Perhaps you’ve heard the expression, “dissing.” It’s slang for disrespecting someone. Everyone wants to be respected. We want to be respected as people and we want our ideas and words to be respected as well. When we are not shown that respect we feel slighted and grow angry at the one who “dissed” us. Besides disrespect, there are six other disses which can trigger anger in us.
- Dismissive—Dismissive often goes hand-in-hand with disrespect. When we are dismissive we wave someone off as not worth our time or words. We dismiss them as unworthy. To be dismissed is to attack our sense of self-worth and when that happens we grow angry.
- Disobey—Every parent understands this one. When our children willfully choose to disobey us we can grow angry quickly.
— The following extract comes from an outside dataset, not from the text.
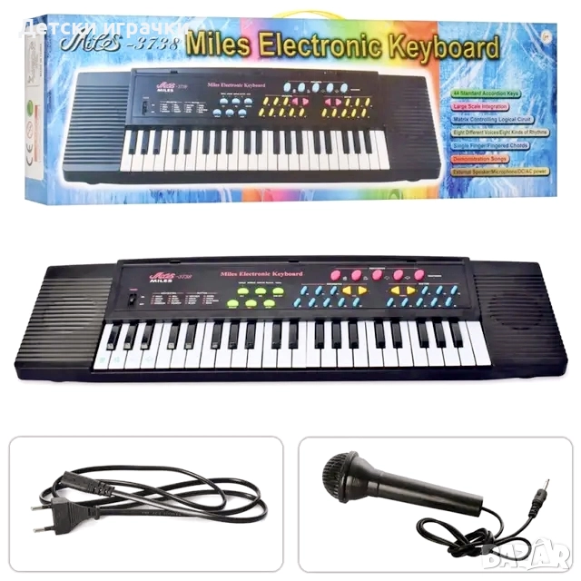 Включеният микрофон добавя допълнителен елемент на забавление, позволявайки на децата да пеят заедно, докато свирят на клавиатурата.

We are in the position of authority and, as such, have the right to be obeyed. The same is true in any authority structure. The one in charge has the right to be obeyed. The Bible says, “Children, obey your parents in the Lord, for this is right” and “Slaves, be obedient to those who are your masters according to the flesh” (Ephesians 6:1, 5).
- Disbelieve—When someone does not believe us we can grow angry. Why? Because disbelief is an attack on our integrity. The thought behind disbelief is that we are lying and are, therefore, a liar. Nobody wants to be thought a liar so we get angry and become defensive.
- Discriminate—If we are discriminated against we are both disrespected and dismissed. Discrimination based on race, religion, gender, political party, or values devalues the person. Discrimination is often linked to shunning or refusing to provide the same service or opportunity afforded to others. That hurts and can inspire anger. We all want to be treated equally and fairly.
- Distort—When our words or motives are distorted, they are twisted to mean something we did not intend. We frequently see this in the news when quotes are distorted and the newsmaker attempts to “set the record straight.” When our words or motives are impugned or distorted we can explode in anger.
- Distrust—To distrust someone is the kissing cousin of disbelieve. We don’t trust him or her because they have broken our trust in them by their words or, more likely, their actions in the past. Trust must be earned again and until it is, we will distrust them. From the perspective of the one who is distrusted, it becomes frustrating and anger-provoking to not be trusted even when the truth is spoken.
Nobody wants to be dissed. It hurts and makes us angry. Be sure you’re not the one doing the dissing. The Bible calls us to “Encourage one another and build each other up, just as in fact you are doing” (1 Thessalonians 5:11).